Once created, custom actions appear in Power Automate as standard connectors, can be called from canvas apps using the Dataverse connector, are available in model-driven app command bars and JavaScript, and can be invoked via the Web API or Organization Service. This provides a consistent, reusable interface for your business logic across all Power Platform components and external integrations.
B) JavaScript web resources execute client-side in browsers and cannot contain complex business logic involving multiple tables that needs server-side transaction support. They’re not callable from Power Automate or canvas apps in a structured way and don’t provide the security, transaction management, or API characteristics needed for this requirement.
C) While you could register a plugin on a standard message like Create or Update, this doesn’t provide a clean API interface specifically for your business operation. Standard messages are tied to CRUD operations on specific tables and don’t provide the semantic clarity or dedicated input/output contract that a custom action provides.
D) Azure Functions with HTTP triggers are external to Dataverse and require additional infrastructure, authentication management, and network connectivity. While they can be called from Power Platform components through custom connectors, they don’t integrate as seamlessly as custom actions and add complexity, cost, and maintenance overhead.
Question 30.
You are implementing a solution that needs to track all changes made to specific fields on the account table for audit purposes. Which feature should you enable?
A) Change Tracking
B) Audit logging
C) Field-level security
D) Duplicate detection
Answer: B
Explanation:
Audit logging in Dataverse is specifically designed for tracking changes to data for compliance and audit purposes. When you enable auditing on a table and specific fields, Dataverse automatically records all changes including who made the change, when it was made, the old value, and the new value. This creates a comprehensive audit trail that meets regulatory and business requirements for data change tracking.
Auditing can be configured at three levels: organization level (enabling auditing globally), table level (enabling auditing for specific tables), and field level (enabling auditing for specific fields). For the requirement to track changes to specific fields on the account table, you would enable auditing at the organization level, enable it for the account table, and then enable it for each specific field you want to track.
The audit logs are stored in the audit table and can be viewed through the Dataverse interface, exported for analysis, or queried programmatically. Audit records are retained based on configured retention policies and include detailed information about create, update, delete, and access operations. This provides the comprehensive audit trail needed for compliance with regulations like GDPR, HIPAA, and SOX.
A) Change Tracking is designed for data synchronization scenarios where external systems need to identify which records have changed since their last query. It provides a lightweight mechanism to detect changes but doesn’t store historical change details, old values, or who made changes. It’s not suitable for audit purposes.
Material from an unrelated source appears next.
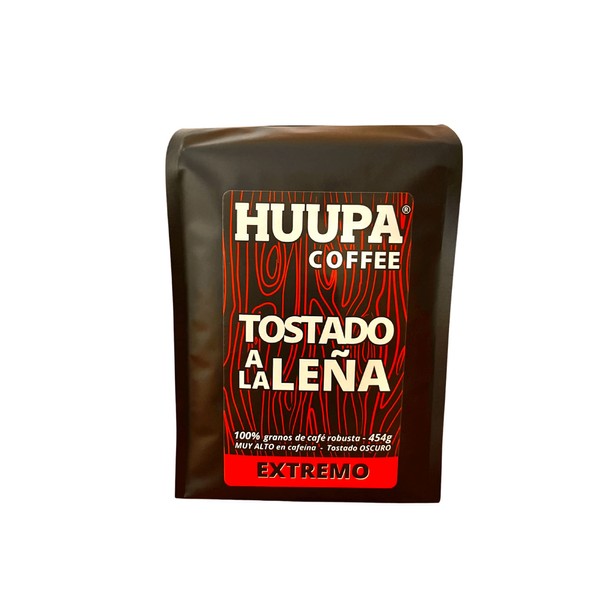 Café Tostado a la Leña, 100% Grano Robusta, Tueste Oscuro, Grano Entero, EXTREMO 454 Gr

C) Field-level security controls who can view or edit specific fields, providing access control rather than change tracking. While it can restrict access to sensitive fields, it doesn’t record or track changes to those fields. It serves a different purpose related to security rather than auditing.
D) Duplicate detection is a feature that identifies and prevents duplicate records from being created in Dataverse. It has nothing to do with tracking changes to existing records or maintaining audit trails. It’s used for data quality purposes, not auditing.